American early settler and rancher

Benjamin Dewell (October 27, 1821 – February 21, 1905) was an American early settler and rancher. Dewell and his wife, Celia H. Elliott, were the first white permanent settlers in Lake County, California. Dewell was a member of the "Bear Flag Party" and participated in the Bear Flag Revolt.

==Early life==
Benjamin Dewell was born in 1821 in Jefferson County, Ohio. In 1840, Dewell moved with his family to Indiana. He was hired in 1845 to serve as a drover for William Bell Elliott, based in Dade County, Missouri. That same year, Dewell traveled with Elliott and his family to California on a wagon train. Dewell settled in Napa County, California in October, spending the winter in Calistoga. In 1846, he moved to Sonoma.

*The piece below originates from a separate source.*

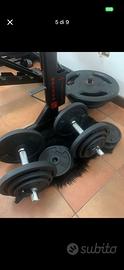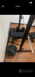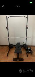 vendo Rack più kit 130 kg con 2 manubri e bilanciere e panca ad € 499

==Bear Flag Rebellion and Mexican–American War==
By 1846, Dewell was living in Sonoma, California, where the Elliot family lived. Upon his arrival, Dewell became a supporter of the California Republic and fought in the Bear Flag Revolt. The wife of William Elliot provided flannel that would comprise the California Republic flag that was raised on the Sonoma Plaza on the day of the revolt and her daughter, Celia, would help sew the flag. After the revolt, Dewell joined John C. Frémont's California Battalion. The Battalion was sent to Los Angeles in late 1846. Upon arrival the Treaty of Cahuenga was signed, and there were no further armed conflicts of the Mexican–American War in California. Dewell returned to Sonoma, settling in Rancho Los Guilicos, where he would become involved in ranching.

==Life in Lake County==
Dewell married William Elliott's daughter, Celia, on May 5, 1850, in Santa Rosa, California. On May 24, 1854, the couple moved to Lake County, California. They were the first white people to move permanently to the county. On their move, they brought with them 22 horses and 100 cattle and the settled just north of the then village of Upper Lake, California. Dewell acquired the land by visiting Mariano Guadalupe Vallejo.

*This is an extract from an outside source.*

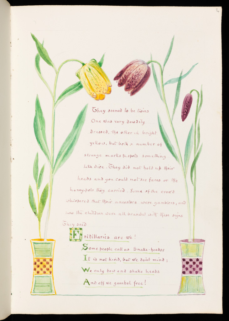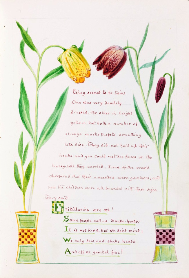 Some of the most startling and innovative Clarence Bicknell’s creations are in the seven albums in the Fitzwilliam Museum, University of Cambridge. Peter Bicknell, Marcus’s uncle, donated the vellum-bound albums to the museum in 1980, comprise 405 pages of watercolour paintings, many of them photographed and available for us to enjoy. The books encapsulate the last stage of Clarence’s artistic journey from rigorous botanical recording of the late 1870s through the floral decorations of the Casa Fontanalba Visitors’ Book to these idiosyncratic arts and crafts creations full of wit and whimsy. The Fitzwilliam has generously allowed us to reproduce (but not in the original high definition) these extraordinary images; they are so popular that reproductions of them as greetings cards and other merchandising are best-sellers in the museum shop and around Britain. Read more below the picture gallery…

He lived the remainder of his life at his ranch in Upper Lake. Dewell sold a portion of his ranch land to a Mr. McCray, which would become the founding plot of land for Upper Lake. Dewell was active in local politics, helping to shape local affairs with his opinion and advice. The Dewell's were not active churchgoers; however, they helped build the first founding churches of Upper Lake.

==Legacy==

Benjamin Dewell's papers are in the collection of the Society of California Pioneers.